_RECORD EXCERPTS_:
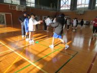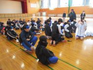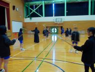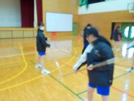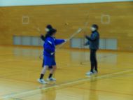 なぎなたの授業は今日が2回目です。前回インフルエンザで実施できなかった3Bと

--

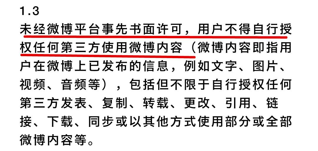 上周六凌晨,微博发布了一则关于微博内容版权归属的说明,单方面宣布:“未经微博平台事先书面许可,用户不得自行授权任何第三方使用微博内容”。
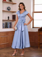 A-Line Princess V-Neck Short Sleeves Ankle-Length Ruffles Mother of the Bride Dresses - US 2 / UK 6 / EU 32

* * *

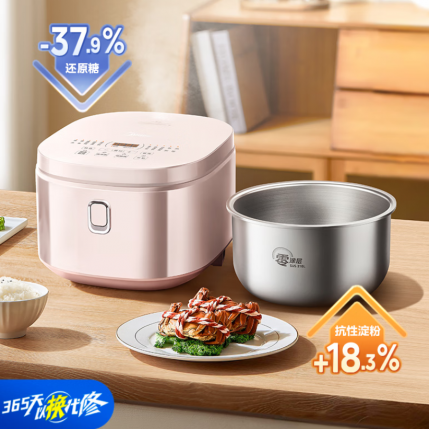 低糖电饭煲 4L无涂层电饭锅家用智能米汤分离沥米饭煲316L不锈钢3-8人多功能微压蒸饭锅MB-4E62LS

_WHAT TO WORK ON_: Would you restate, exactly and with no pictures, the lines of the entries above from the one containing "上周六凌晨,微博发布了一则关" through the one containing "A-Line Princess V-Neck"?

_WRITTEN SOLUTION_:
 上周六凌晨,微博发布了一则关于微博内容版权归属的说明,单方面宣布:“未经微博平台事先书面许可,用户不得自行授权任何第三方使用微博内容”。
 A-Line Princess V-Neck Short Sleeves Ankle-Length Ruffles Mother of the Bride Dresses - US 2 / UK 6 / EU 32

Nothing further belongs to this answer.